Locate "Meissen-Manufaktur-Preis: 15500,- Euro." in the data below, then output the line it is on and all following lines through the last, word for word. Skip any pictures.

## ENTRIES SHOWN
+--

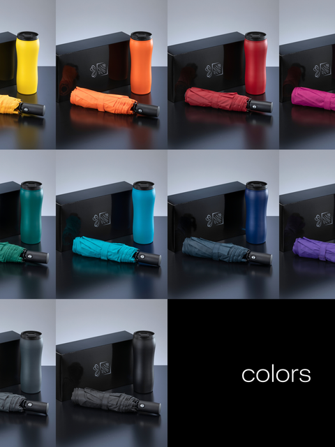 Ez az úton lévők számára készült praktikus készlet egy a Primo kollekcióból származó vákuumos termobögrét és egy összecsukható automata esernyőt tartalmaz. A légmentesen záródó termobögre kiváló minőségű rozsdamentes acélból készült, és matt porfestékkel van bevonva, ami nemcsak tartósságot, hanem remek megjelenést is biztosít számára. Dupla fala akár 6 órán át is tökéletesen megőrzi az ital kívánt hőmérsékletét. A pattintós záródás révén pedig itala forró marad és biztonságban lesz. . A termék élelmiszerrel való érintkeztetést megengedő tanúsítvánnyal rendelkezik és BPA-mentes. Az összecsukható esernyő a Primo kollekció kiváló minőségű terméke, amely automatikus záró- és nyitórendszerrel (DAS) és szélvédő rendszerrel van felszerelve. Előnye a masszív fémváz, az üvegszál bevonatú bordák, a PU-bevonatú fogantyú. A termék REACH tanúsítvánnyal rendelkezik. A készlet egy elegáns ajándékdobozba van csomagolva.
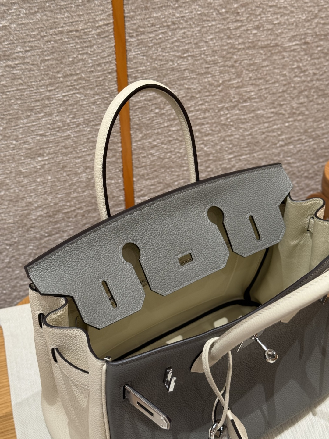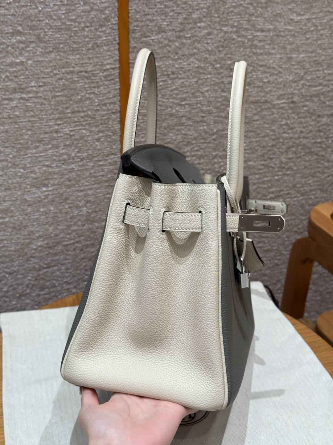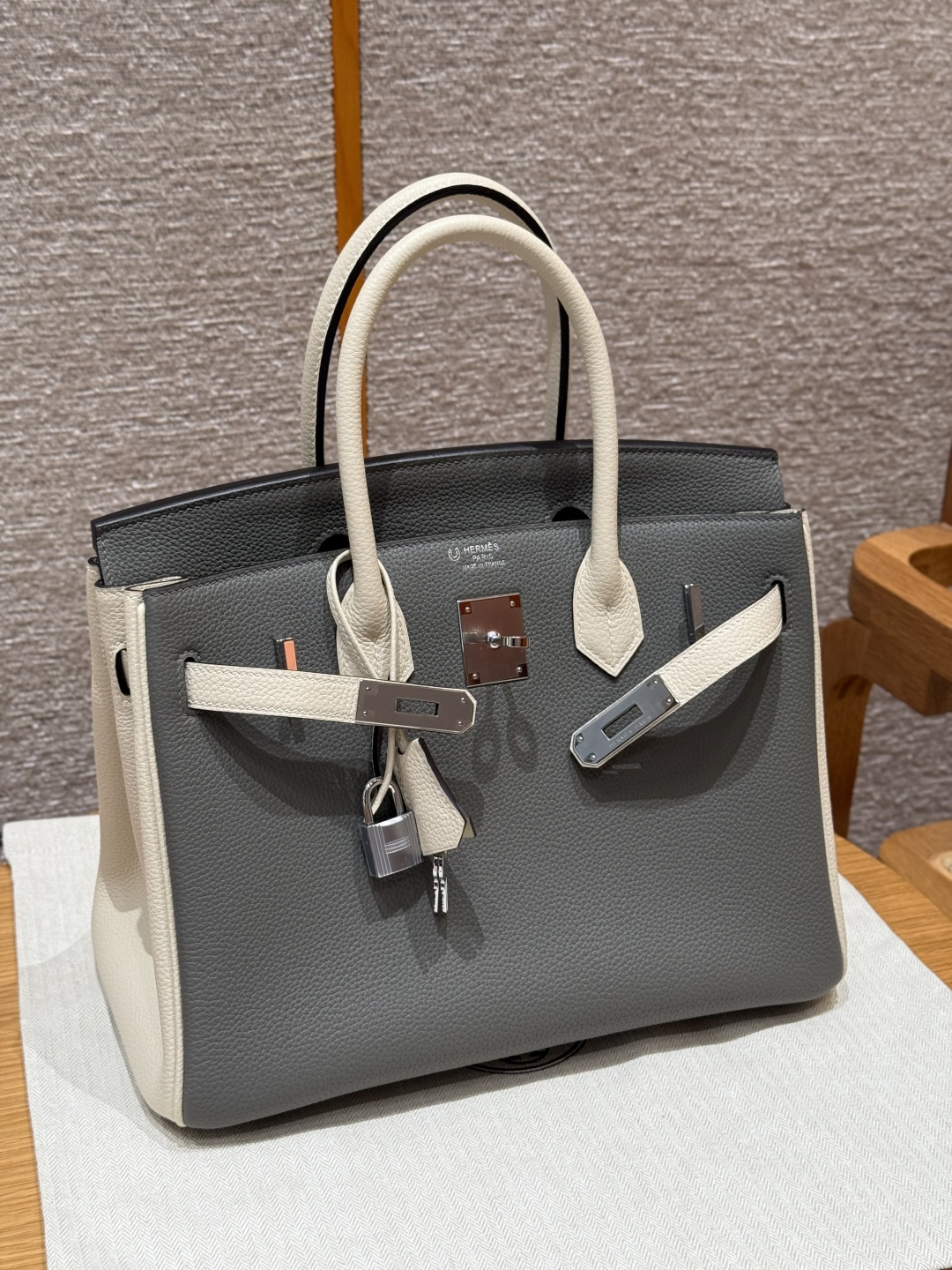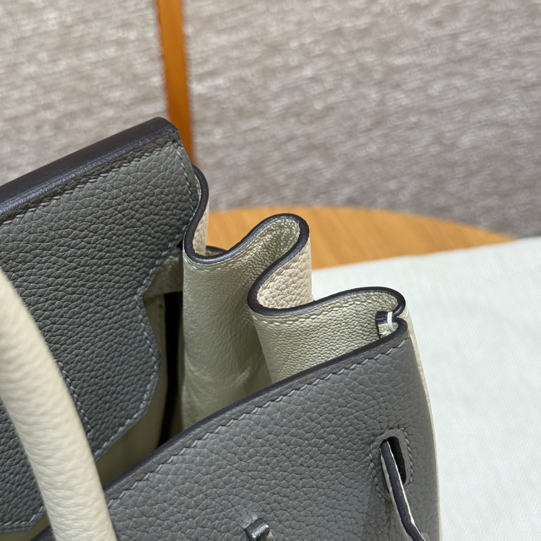 Birkin 30cm, Cumulus Gray/Milkshake White, Togo leather, imported original French cowhide, silver clasp, high-end fully handcrafted exclusive customization.
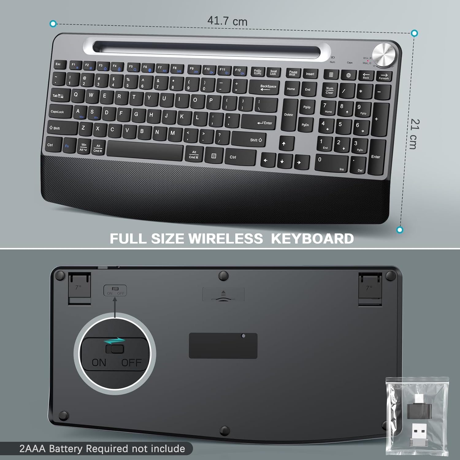 Wireless Ergonomic Keyboard with Wrist Rest:The wireless keyboard is equipped with a wide palm rest and tilted legs, helping you keep your wrists and forearms in a more natural and relaxed posture. The low-profile wireless keyboard makes soft clicks during typing without disturbing others during rest, work or play. The specially designed volume knob enables you to make adjustments more quickly.(No mouse included)
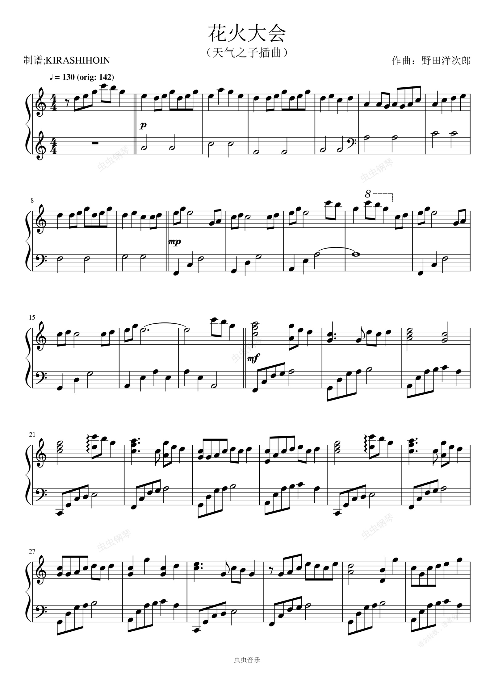 钢琴谱:花火大会/天气之子插曲
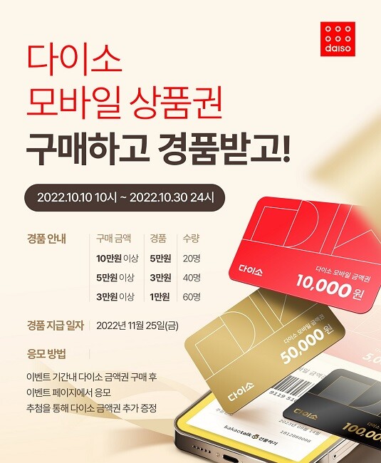 | ▲아성다이소가 카카오톡 선물하기에서 ‘다이소 모바일 상품권 이벤트’를 진행한다./사진=아성다이소 제공 |
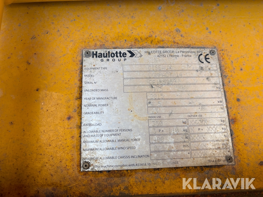 Saxlift 2st Haulotte Compact 14
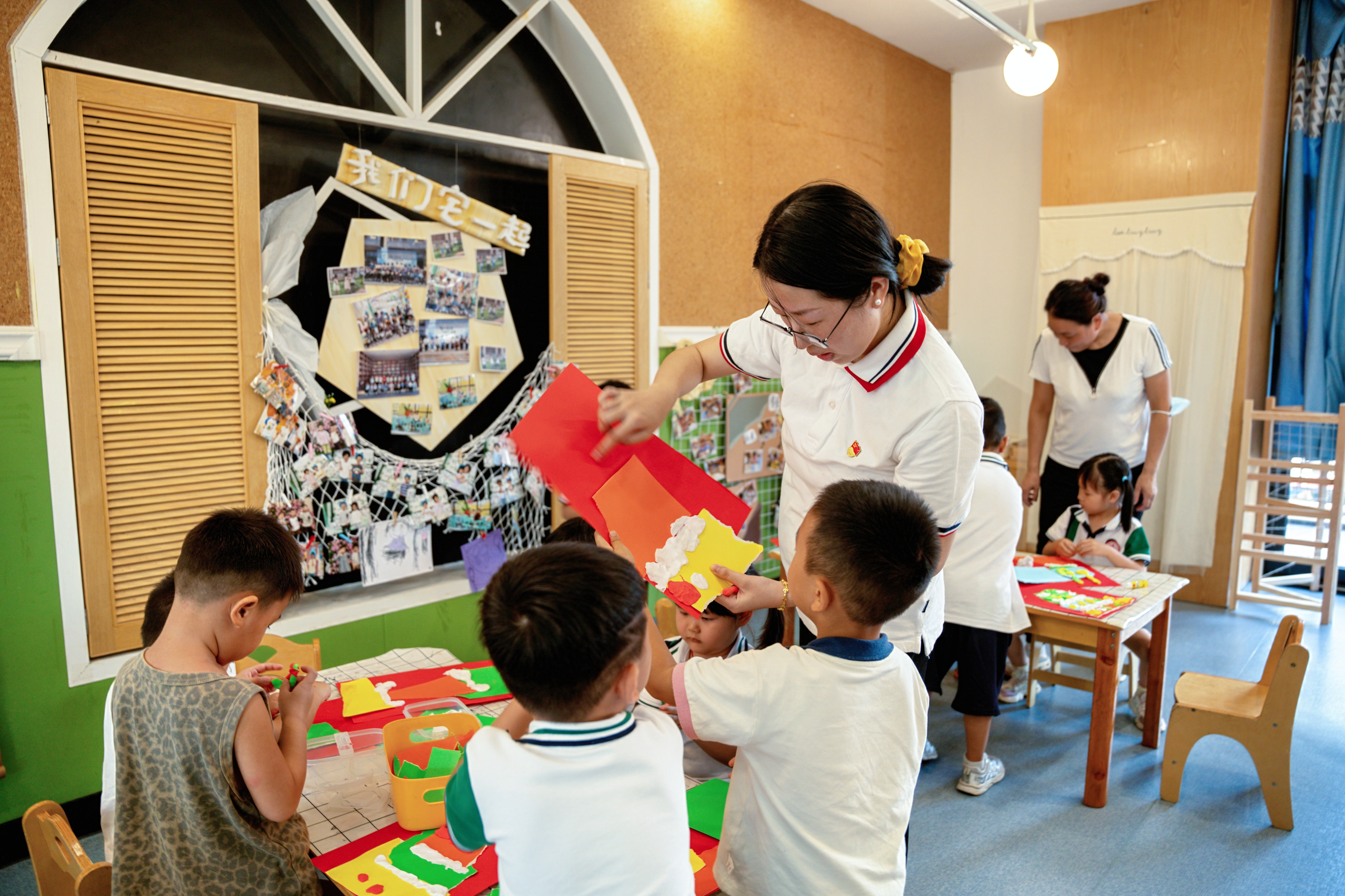 金华职业技术大学师范学院附属幼儿园党支部的教师党员们带来了许多生动有趣的活动,师生党员与各年龄段幼儿分组创作,书香与童趣在此碰撞。小班幼儿用稚嫩的小手进行“童心‘粘’满中国红”手工活动,感受喜庆氛围。中班孩子则为“祖国妈妈过生日”精心制作礼物,充满温情。大班的“刮蜡画:烟花绽放迎国庆”则展现了孩子们对节日绚烂场景的想象。
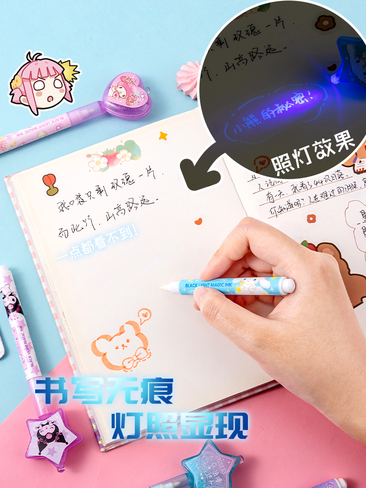 新款魔术隐形灯照笔字迹消失记号笔可爱少女卡通荧光中性笔小学生
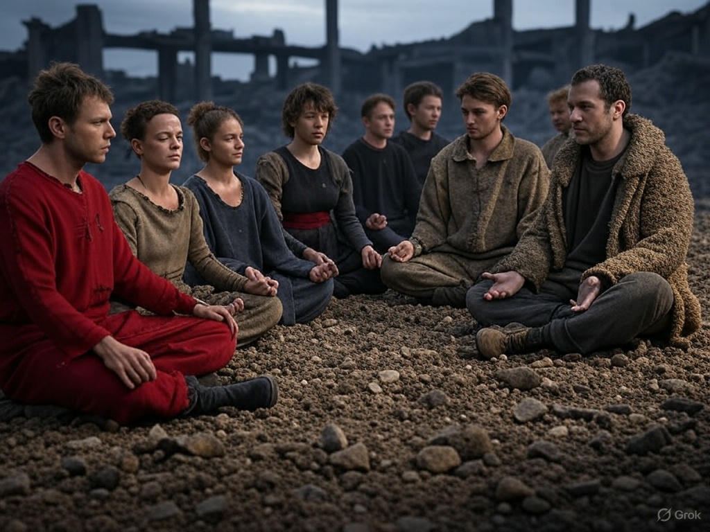 The circle glowed—rubble stilled—war’s clash hissed cold—wild’s hum weakened, but Xenon’s cry surged, threading through—the crew sat firm with Lumens in the warworn hub, meditating on love and peace, duality as the loving embrace of opposites weaving fierce against the pulse of Xenon’s strife.
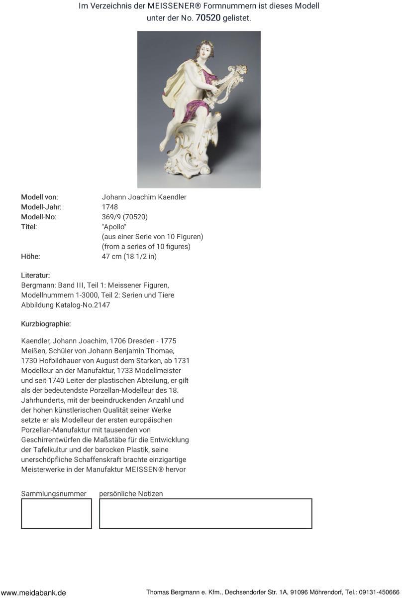 Meissen-Manufaktur-Preis: 15500,- Euro. Kaendler: "Den Apollo Von Ziemlicher größe auf den Von Ihro Königl. Majt. In Preußen bestellten Porcelläin ofen im Modell zerschnitten und zum abformen gegeben." "Apollo den Gott der Musen in seiner schönen Gestallt mit Lorber Blättern gekrönet und ein Gewändlein über die Brust habend modelliret" * Partnerauktion Bergmann.
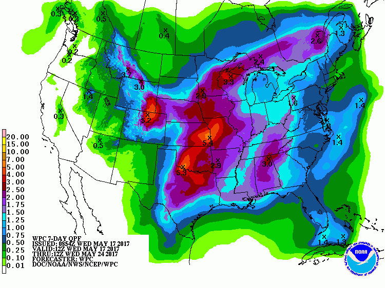 O mapa a seguir mostra as chuvas previstas para os próximos 7 dias nos EUA, e parte do NOAA, a agência oficial de clima dos Estados Unidos. Os acumulados esperados para alguns dos principais estados produtores do Corn Belt - como Iowa, Missouri, Illinois, Kansas e Nebraska - podem receber de 45 a até 127 mm nos acumulados.
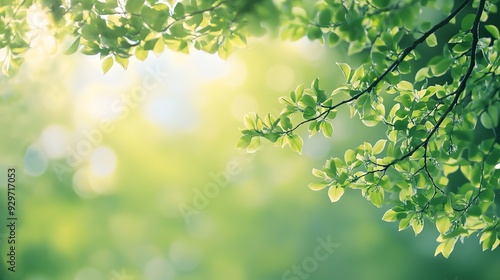 Spring background green tree leaves on blurred background

+--

## PROBLEM SOLUTION
 Meissen-Manufaktur-Preis: 15500,- Euro. Kaendler: "Den Apollo Von Ziemlicher größe auf den Von Ihro Königl. Majt. In Preußen bestellten Porcelläin ofen im Modell zerschnitten und zum abformen gegeben." "Apollo den Gott der Musen in seiner schönen Gestallt mit Lorber Blättern gekrönet und ein Gewändlein über die Brust habend modelliret" * Partnerauktion Bergmann.
 O mapa a seguir mostra as chuvas previstas para os próximos 7 dias nos EUA, e parte do NOAA, a agência oficial de clima dos Estados Unidos. Os acumulados esperados para alguns dos principais estados produtores do Corn Belt - como Iowa, Missouri, Illinois, Kansas e Nebraska - podem receber de 45 a até 127 mm nos acumulados.
 Spring background green tree leaves on blurred background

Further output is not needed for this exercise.